Trailwatch: Bugs, beards, bombs and a hunting license for ISIS
The Missouri AG candidates are still hammering each other — over Chinese farm ownership and beards. Sen. Roy Blunt and Missouri Democrats mixed it up over anti-Zika funding and fundraising. And did Catherine Hanaway really prosecute 4,000 cases?
To the trail!
☆ Missouri GOP Governor
For a donation to Eric Greitens, you can proudly display an ISIS hunting permit. No limit, by the way. The request caused ripples across the nation. Greitens appeared on Fox and Friends to claim the fight against ISIS isn’t just overseas.
To no one’s surprise, Hanaway criticized Gov. Jay Nixon for his veto of the gun bill. So did Peter Kinder. More here.
In an ad, Hanaway claims she prosecuted 4,000 cases. Inquisitive readers ask: is that accurate? After all, she served as U.S. Attorney for just four years — that would mean she prosecuted almost four cases every business day.
Answer: The number should not be taken literally. A better phrase: her office brought more than 4,000 cases during her time in the U.S. Attorney’s office.
Missouri Right to Life PAC endorsed three GOP candidates for governor, as we first reported, but not Greitens. That caused a few rumbles this week, and Greitens responded with a video.
He also launched a new TV ad entitled “Suicide Truck Bomb.”
☆ Missouri Senate
Compare these press release headlines:
“Jason Kander Opposes Veterans, Zika, NGA Funding”
“Senator (Roy) Blunt Admits He Skipped Crucial Zika Negotiations But Still Had Time for 2 Fundraisers”
The U.S. Senate race in Missouri stung this week, with both parties swarming over funding for fighting the dread Zika virus.
Our Lindsay Wise has a fine round-up of the back-and-forth here. And while we’re at it: is there anything more depressing, yet utterly predictable, than the politicization of the Zika response?
Roll Call said Thursday Kander is one of the strongest challengers in the country this cycle. Kander also claimed the support of liberal Sen. Elizabeth Warren on Thursday.
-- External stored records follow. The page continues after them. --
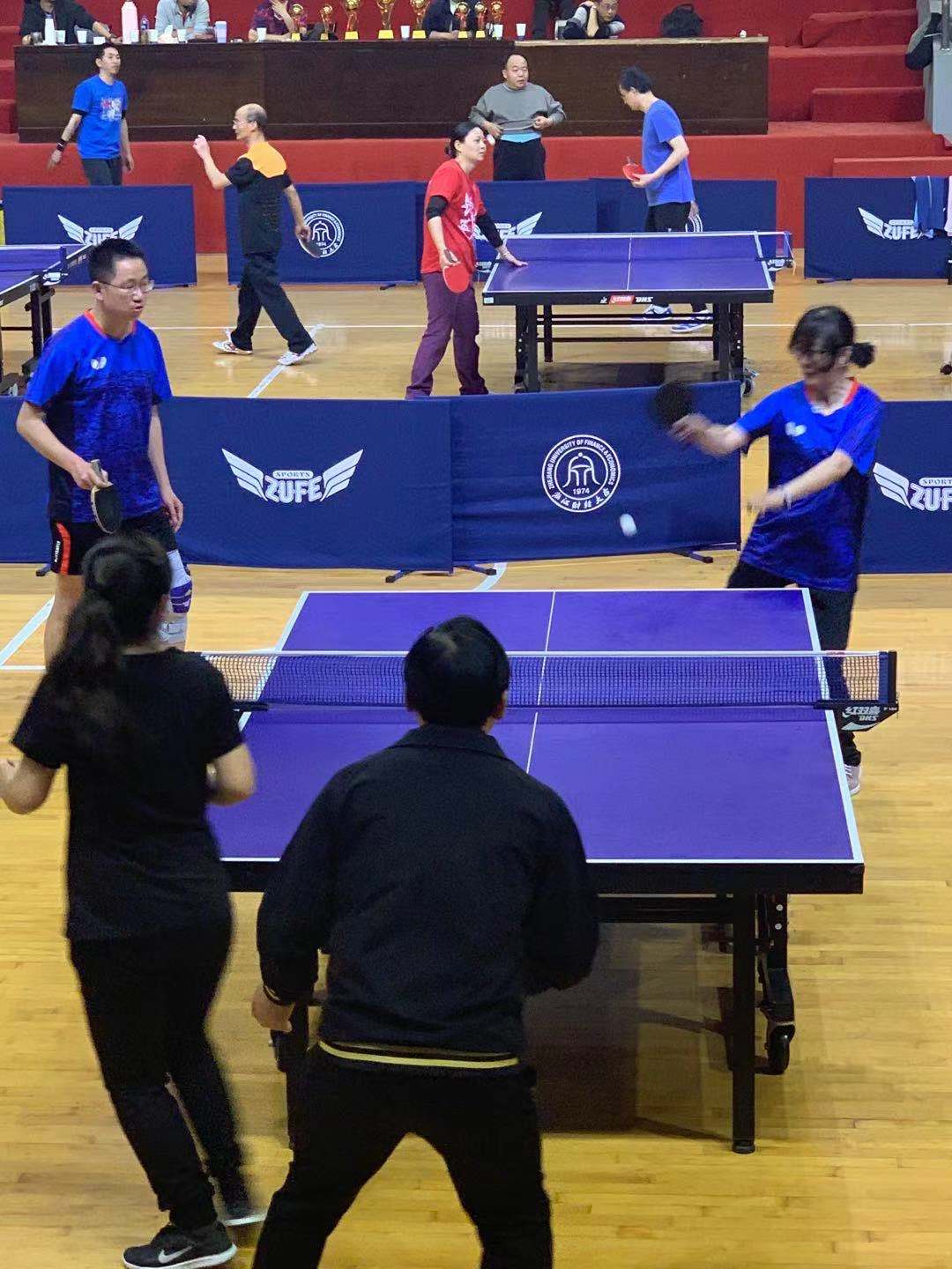 信智学院分工会组织教师参加校2020年教职工乒乓球混合团体赛,经过一整天的鏖战,学院分工会取得历史性突破,首次获得乒乓球赛团体季军。
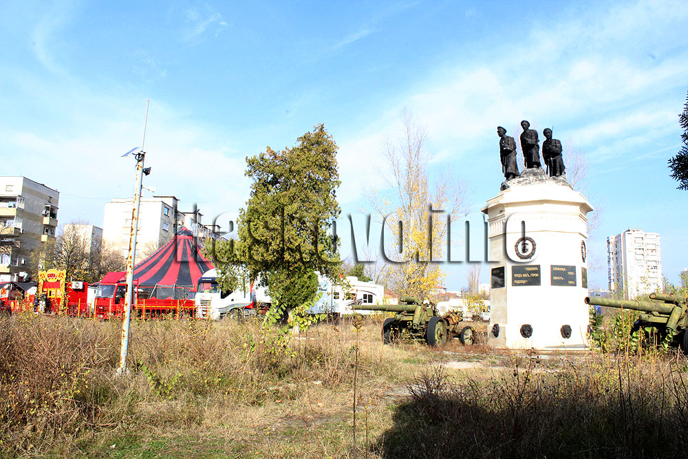 Вдигнаха цирк до паметника на Родопци в Хасково
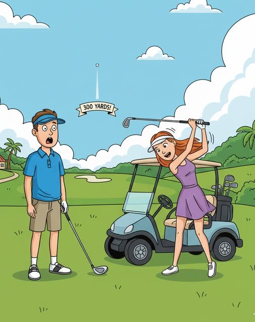 Sam and his wife Rachel were playing golf at the club when she drove a 300-yard tee shot straight down the fairway. Sam said, ‘Wow, I have never seen you play this well before!’
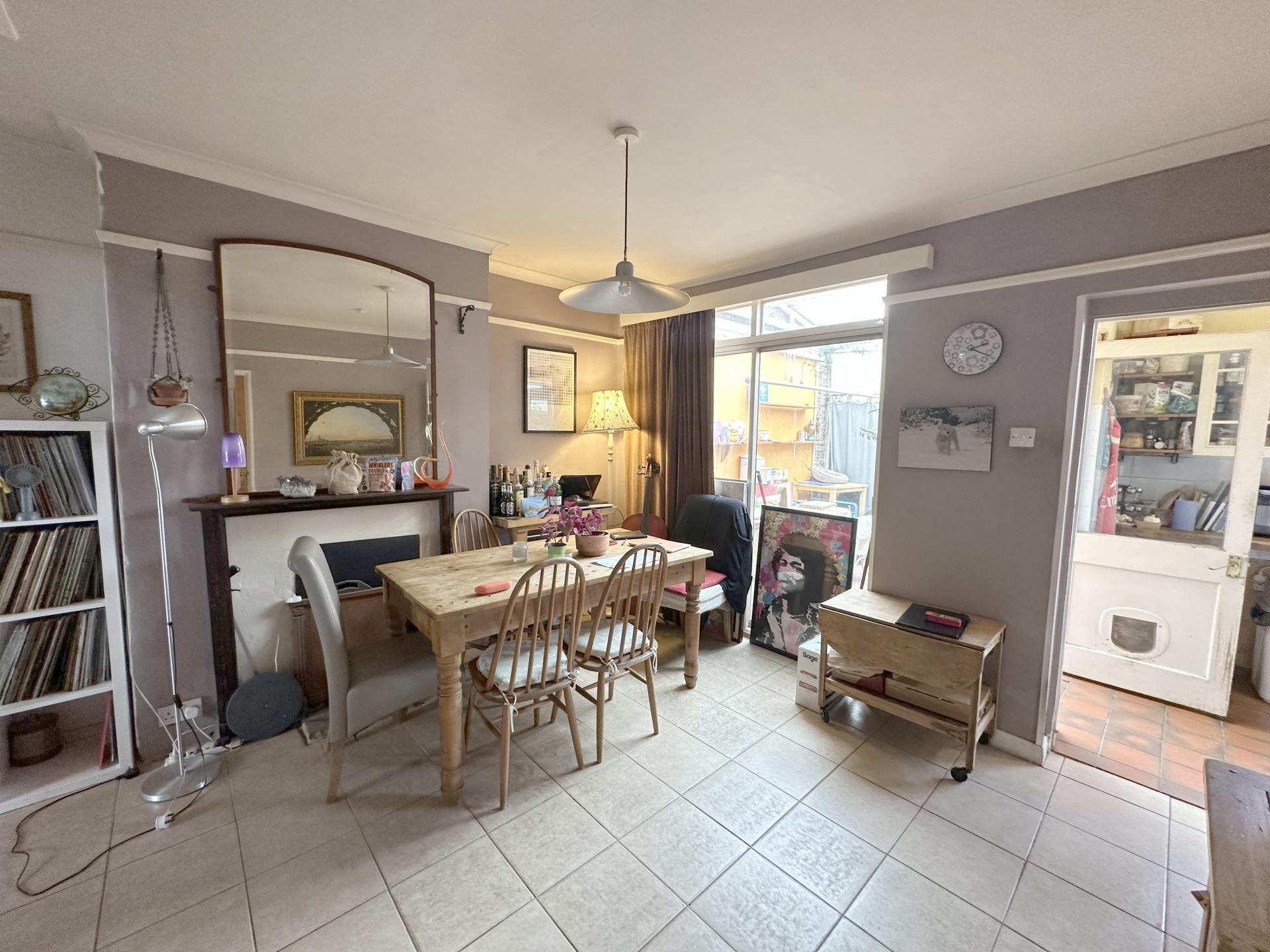 Double glazed window to the rear looking into the lean to. Tiled flooring, Open fireplace (not used), coved ceiling, power points, cupboard under stairs, door to kitchen.
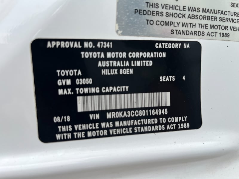 2018 Toyota Hilux 4X4 Space Cab Year: 2018 Make: Toyota Model: Hilux Odometer Indicated: 222,155kms Engine: 2.8L Transmission: Auto Fuel: Diesel Seats: 4 Colour: White GVM: 3450kgs Price Guide - $27,350 - $30,900 (Based on Unmodified Vehicle) VIN #: MR0KA3CC801164945 Engine No.: 1GD4542467 (as per PPSR) Description: 2 x Toolboxes, UHF, Bull Bar, Spotlights, ROPS lights, Inverter in toolbox. Sold as is, Sold Unregistered. Location: 3/263 Connors road, Paget, Mackay, 4070 Contact: Bradley Taylor - 0473425094 - [email protected]
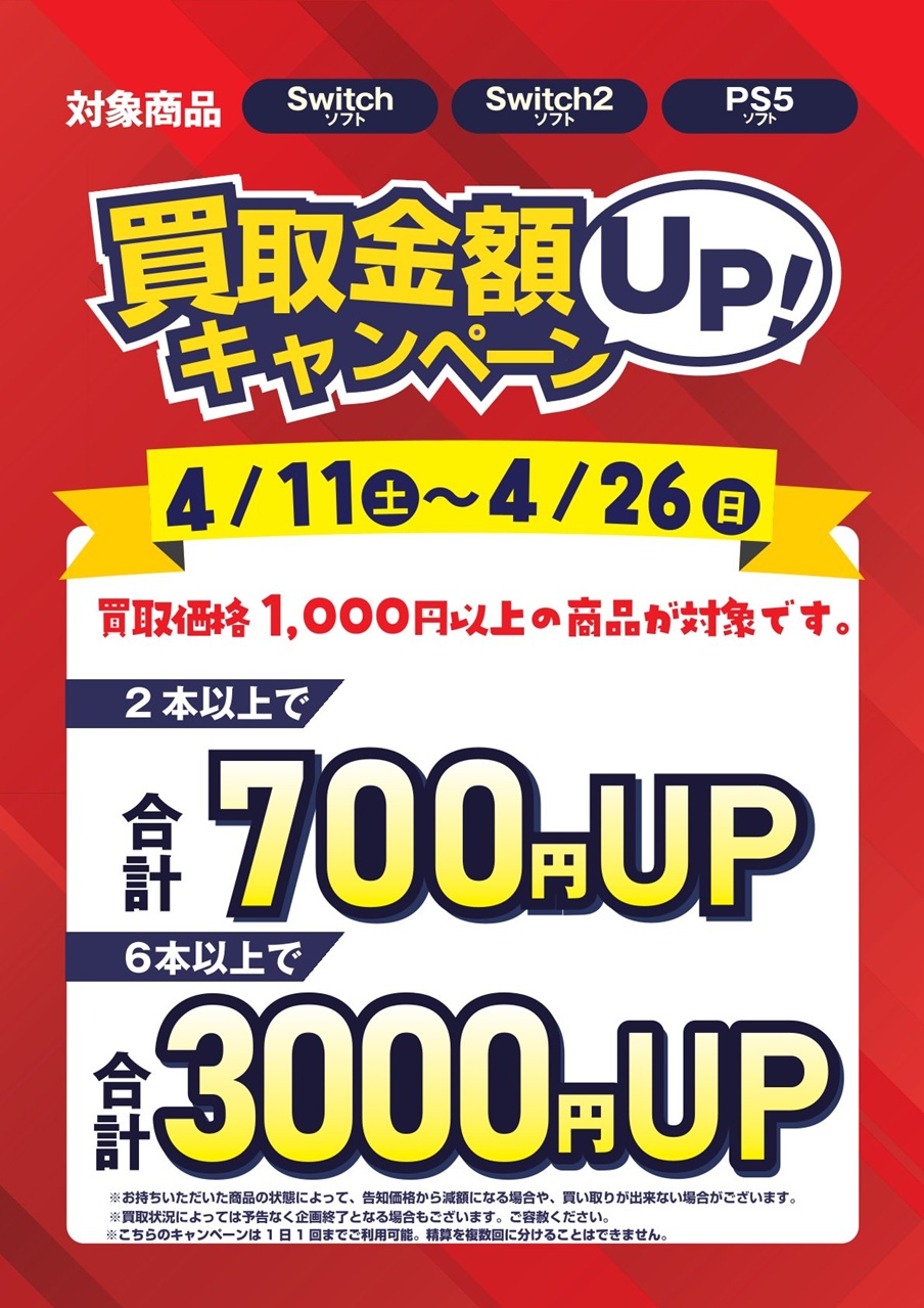 4/11(土)から4/26(日)まで、ゲーム取り扱いのある全店で開催中 対象のゲームソフトをまとめてお売りいただくと買取金額UP! (Switch・Switch2・PS5で買取価格1000円以上の商品が対象です) ■2本以上で 700円UP! ■6本以上で3,000円UP!! 詳細は画像をご覧ください。 ぜひ、この機会にお持ち込みくださいませ!

Blunt’s campaign hit Kander for hiring campaign staff after the election. “Kander spent thousands of government dollars over the past four years on salaries for former campaign employees,” a release said.
The claim angered the Kander folks, who say 12 percent of Blunt’s employees after the 2010 election worked in his campaign. By contrast, they claim, 1.8 percent of Kander’s employees were campaign veterans.
☆ Missouri GOP Attorney General
The trench warfare continues....
Tea Party Patriots, a national nonprofit conservative organization, is out to get state Sen. Kurt Schaefer. In a new ad, the group accuses Schaefer of pushing legislation benefiting clients of his law firm, allowing Missouri farm land to be purchased by foreign corporations.
Watch it here:
Schaefer responded with a website.
The State Conservative Reform Action PAC out of Virginia said it would spend $1 million opposing Schaefer and supporting opponent Josh Hawley.
Hawley took fire this week in ads criticizing his role in a lawsuit over a terrorist’s beard.
Schaefer got a $20,000 contribution from David Steward, who served on the University of Missouri Board of Curators from 2011 until he resigned Feb. 1.
☆ Potpourri
Candidates on both sides of the state line were in a frenzy to score last-minute political donations before the midnight June 30 deadline.
This matters. The fund-raising numbers will be released in mid-July, and they will give the public a sense of who’s attracting early support before the August primary vote two weeks later
Donations don’t necessarily win elections. But they are seen as a signal of strength.
Our favorite frantic solicitations:
“URGENT: Only 12 hours left!” trumpeted in an email blast from GOP gubernatorial candidate Catherine Hanaway.
And...``What can $10 do?” from rival Peter Kinder.
☆ Kansas 01 House GOP primary
Out in western Kansas, incumbent Congressman Tim Huelskamp was facing a feisty challenge from rival Republican Roger Marshall.
An issue in a debate this week in Hutchinson? The fact that Huelskamp lost his seat on the House Ag Committee. Members of Congress from the district since the days of Lincoln have served on the farm panel.
Bob Dole, who once held the First District seat, weighed in with just his second Twitter post ever, admonishing Huelskamp to focus on issues instead of misleading attacks.
☆ The White House
We can’t help but note that polling guru Nate Silver this week forecast that Hillary Clinton has nearly an 80 percent chance of winning the November election.